Mara Renata Ferreira: Precisamos observar que o sistema carcerário no Brasil é falido. O índice de reincidência criminal nas prisões é de 70%. Nas medidas socioeducativas, o cálculo cai mais da metade. Se você tira a chance de um adolescente de cumprir uma medida socioeducativa e o joga, de cara, no sistema carcerário, a chance de ele reincidir e entrar definitivamente no mundo do crime é muito maior.
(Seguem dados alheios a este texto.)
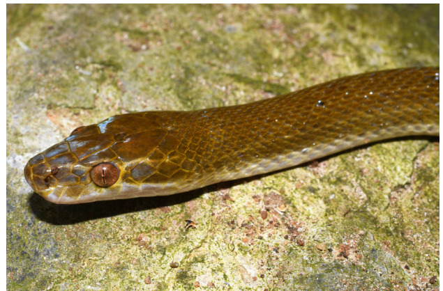
Figure 9 - Vue de la tête et de la partie antérieure du corps du paratype mâle MNHN 2022.0006 de Boaedon montanus sp. nov. en vie.
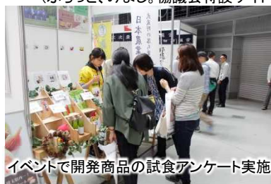
イベントで開発商品の試食アンケート実施
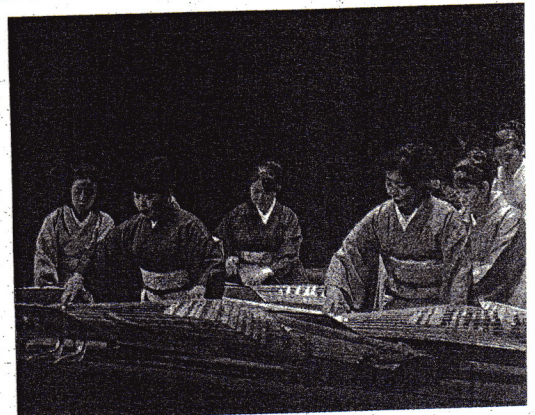
La formación está integrada por catorce componentes.

La orquesta japonesa a la que ha tenido el privilegio de escuchar el público lerreño está formada
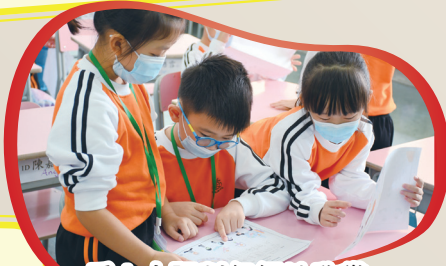
看！小評判仔細地欣賞同學的標語作品。
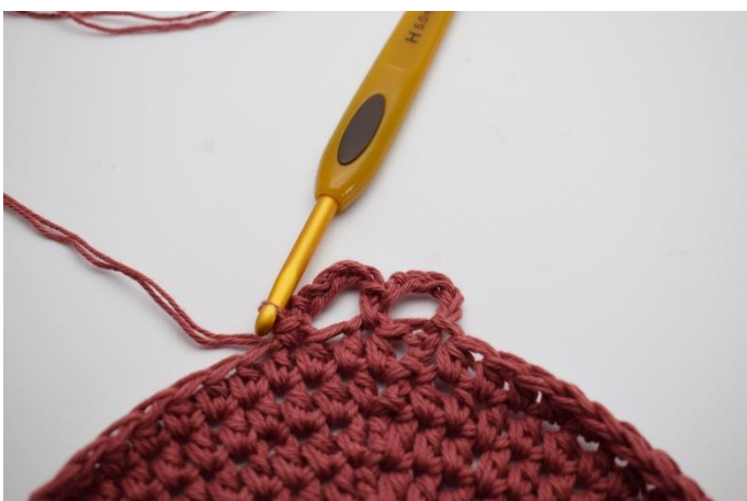
5. Spring 1 m over, og hæk 1 fm i næste.
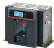
เบรกเกอร์ E4.2 W/D Horizontal
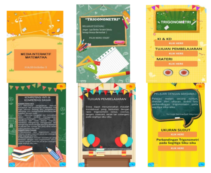
Gambar 1. Tampilan awal media

Dalam media pembelajaran ini terdapat beberapa tampilan media yaitu tampilan awal media, tampilan isi media dan tampilan akhir media. Pada tampilan awal media terdiri dari halamanan startpage, halaman judul media, halaman menu, halaman KI dan KD, halaman tujuan pembelajaran dan halaman menu materi. Tampilan awal media dapat dilihat pada gambar berikut.
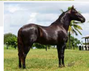
Seu pai Gato JFS
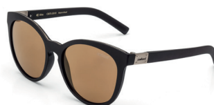
C0070 J20 81
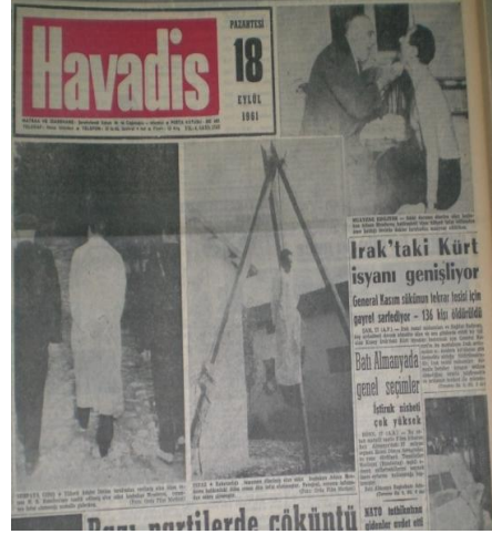
Resim 10: Adnan Menderes'in idamını gösteren haber, 18 Eylül 1961, s. 1.
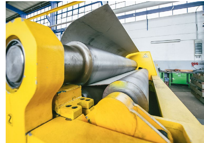
Walzenbiegemaschine für die Herstellung von Sonderanfertigungen - Rohre und Rinnen in U-Form
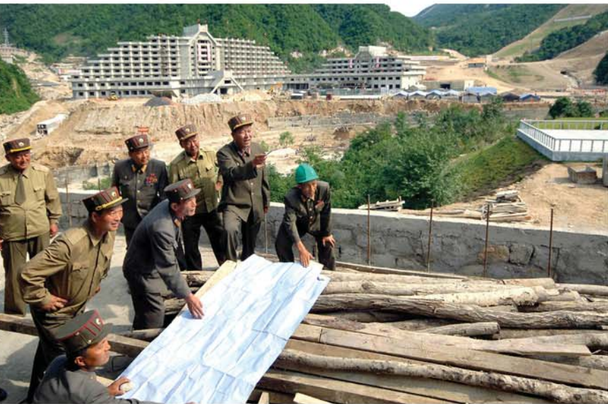
건설장들마다에서 위훈을 창조해가는 군인건설자들

날마다 시간마다 새로운 기적이 창조된 건설장의 벽찬 숲결은 주체적건축사상의 요구대로 건축물의 조형화, 예술화를 최상의 수준에서 실현해가는 군인건설자들의 미더운 모습을 뜨겁게 안겨주었다.
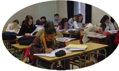
L'étude du soir
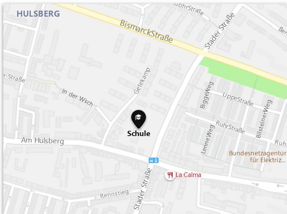
Grundschule Stader Straße 150, 28205 Bremen
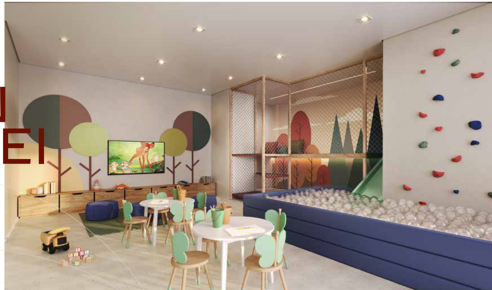
PERSPECTIVA ILUSTRADA DA BRINQUEDOTECA ÁREA EXCLUSIVA DO SETOR RESIDENCIAL - TORRE ACÁCIA
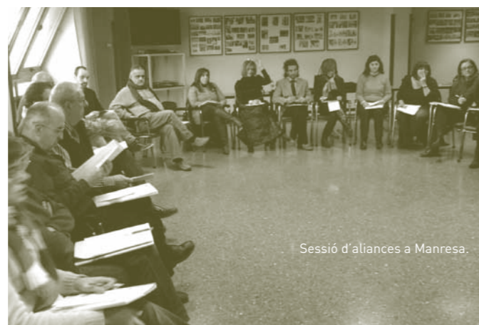
Sessió d'aliances a Manresa.

Una vintena d'entitats i institucions manresanes participen entre els mesos de gener i març en tres focus group organitzats per ECAS per promoure les aliances a la ciutat a partir de la Xarxa per a la Inclusió Social de Manresa. Les sessions formen part d'un conveni d'ECAS amb la Diputació de Barcelona.
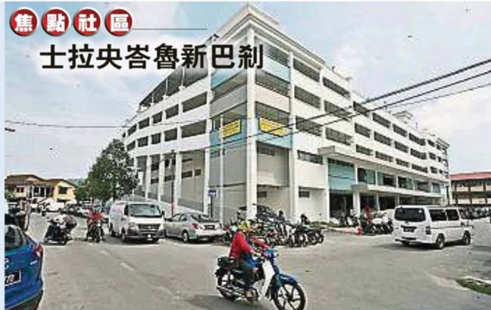
士拉央市议会将于10月16日起，接管士拉央峇鲁新巴刹的垃圾和卫生清理工作。
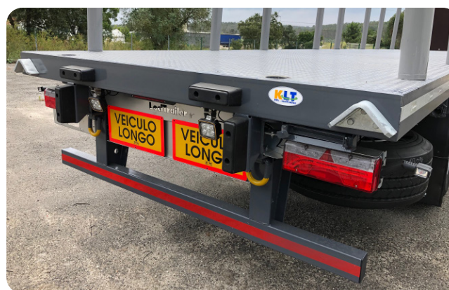
Escada traseira retrátil, argolas de desatolamento, luzes em LED
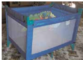
Kinderreisebett von der Firma Hauck, 40,- €, Tel. 04365-479

Garagenflohmarkt am 22.9.24 von 10-16 Uhr, Kehr wieder 22, Kinderspielsachen, -kleidung, -schuhe bis 12 Jahre
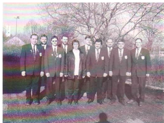
Vorstandschaft im Jubiläumsjahr
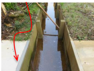
①水路への対策工事

O sistema carcerário não funciona, não recupera, tem déficit de vagas.
O sistema socioeducativo faz o que o sistema carcerário não consegue fazer: recuperar o jovem pelo viés da educação, para que ele possa viver em sociedade e não volte a cometer novos delitos.
Mito 4 – Muitos países têm reduzido a maioridade penal
Ariel de Castro Alves: Caso reduza a maioridade penal, o Brasil estará contrariando os princípios da Convenção da ONU dos Direitos da Criança, de 1989, segundo os quais as pessoas com menos de 18 anos de idade, quando cometem crimes, devem ser tratadas de forma completamente diferente dos adultos.
A pesquisa Tendências do Crime, feita em 2012 pela Organização das Nações Unidas, ao analisar as legislações penais de 57 países, concluiu que apenas 17% deles adotam a idade penal inferior a 18 anos.
Muitas vezes se confunde a idade penal com a idade de responsabilização. No Brasil, a partir dos 12 anos, os adolescentes são responsabilizados pelos seus atos.
Há alguns anos, a Alemanha e a Espanha chegaram a reduzir a idade penal, mas, ao observarem o aumento da criminalidade juvenil em razão da reincidência dos adolescentes que foram para as cadeias, resolveram voltar atrás. Os Estados Unidos e a Inglaterra estão atualmente rediscutindo as penas aplicadas às crianças e aos adolescentes. No Uruguai, recentemente, por plebiscito, a população rejeitou a redução da idade penal.